If the Advisor or its underlying system were to fail, the load balancer might continue to distribute workload requests according to the last set of information received from the Advisor, it might resort to preconfigured weights, or it might even stop distributing new work requests to the cluster. (The behavior depends upon the load balancer implementation; consult the load balancer documentation for details.) Therefore, it is important that the Advisor be restarted as soon as possible when a failure occurs, so that it can begin communicating with the load balancer and workload request distribution can resume normally. This restart capability should cover scenarios where the Advisor itself fails, and where the system that the Advisor is running on fails. The Advisor can run on any system in the sysplex and thus can be restarted on any system in the sysplex, as long as it is configured to use dynamic VIPAs and dynamic routing is in effect. The Advisor registers with ARM using the following values:
ELEMTYPE=SYSTCPIP
ELEMNAME=EZBLBADV
TERMTYPE=ALLTERM
This indicates that the Advisor should be restarted only on the same system in cases where the Advisor itself fails, and also restarted on a different system if the system fails. Using an ARM policy, you can indicate which systems are eligible for running the Advisor in the case of system failures. You also need to ensure that the specified backup systems have all the necessary configuration in place to enable the Advisor to be restarted there.
Some special considerations exist for scenarios where ARM is used and the TCP/IP stack address space terminates, as the result of a failure or of a planned operation. When the TCP/IP stack becomes unavailable, the Advisor also terminates, as it can no longer establish any TCP/IP communications. An ARM restart of the Advisor will likely fail, as the TCP/IP protocol stack will not be available when the restarts occur. You can handle these scenarios in the following ways:
- Planned outages of the TCP/IP stack
Manually start the Advisor on another system, as soon as the Advisor terminates on the system where TCP/IP is stopped.

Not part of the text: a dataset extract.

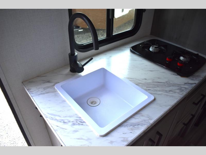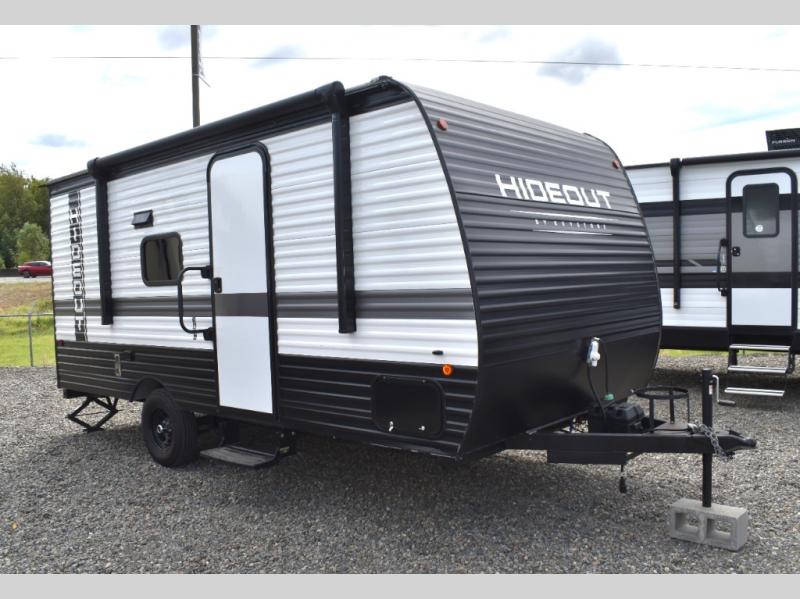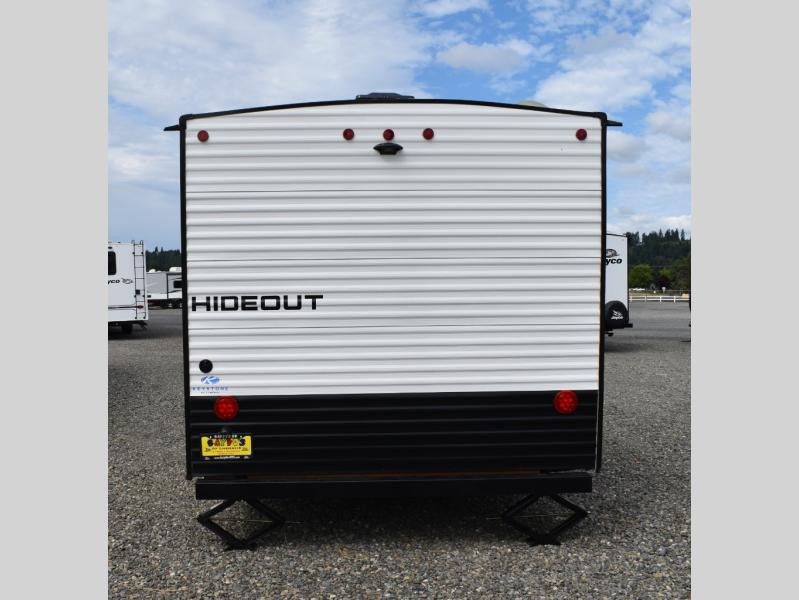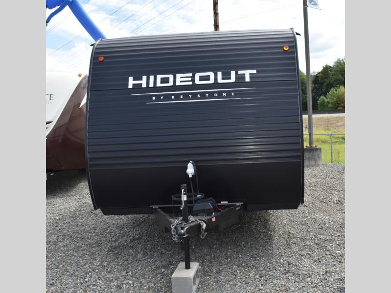 Open your horizons with the Hideout Sport Single Axle travel trailers by Keystone. They are compact, convenient, and lightweight; everything you're looking for in an RV! Each model features an aluminum exterior, tinted safety glass windows, and an I-beam frame with stamped steel cross-members and outriggers for added support. The interior includes blackout night shades for added privacy and real wood doors and drawers that will give a more at-home touch. The Girard tankless water heater is a feature you won't want to camp without, and the LED lighting will keep your space bright and open!

- Unplanned outages of the TCP/IP stack
Ensure that an ARM policy (or other automation) is in place to quickly restart the TCP/IP stack on the same system. The Advisor also needs to be quickly restarted on the same system. This can be done by using an automation software package, or by using the TCP/IP profile AUTOLOG statement.
The AUTOLOG statement also has some important considerations:
- You should place the Advisor in the AUTOLOG statement list to ensure that it is started when TCP/IP is started on that system. However, you should specify the NOAUTOLOG parameter on the PORT reservation statements for the Advisor ports in the TCP/IP profile. This prevents TCP/IP from monitoring and attempting to restart the Advisor, as that could interfere with your automation logic or the ARM policy that you have put in place.
- The AUTOLOG function works best on systems where a single TCP/IP stack is active (INET environment). For CINET considerations, see Considerations for automatic restart in a CINET environment.
RDEFINE FACILITY IXCARM.SYSTCPIP.EZBLBADV UACC(NONE)
RDEFINE FACILITY IXCARM.SYSTCPIP.EZBLBAGENT UACC(NONE)
PERMIT IXCARM.SYSTCPIP.EZBLBADV CLASS(FACILITY) ID(LBADV) ACCESS(UPDATE)
PERMIT IXCARM.SYSTCPIP.EZBLBAGENT CLASS(FACILITY) ID(LBAGENT) ACCESS(UPDATE)
SETROPTS RACLIST(FACILITY) REFRESH
- If using AUTOLOG for the Agent, code the NOAUTOLOG parameter on the PORT reservation statement for the Agent port in the TCP/IP profile. This prevents the Agent from automatically being cancelled and restarted because the Agent does not listen on the port.
- If the Advisor is using IPv6 for the load balancer connections, or if any Agents are using IPv6 to connect to the Advisor, movement of the Advisor is limited to IPv6–enabled TCP/IP stacks.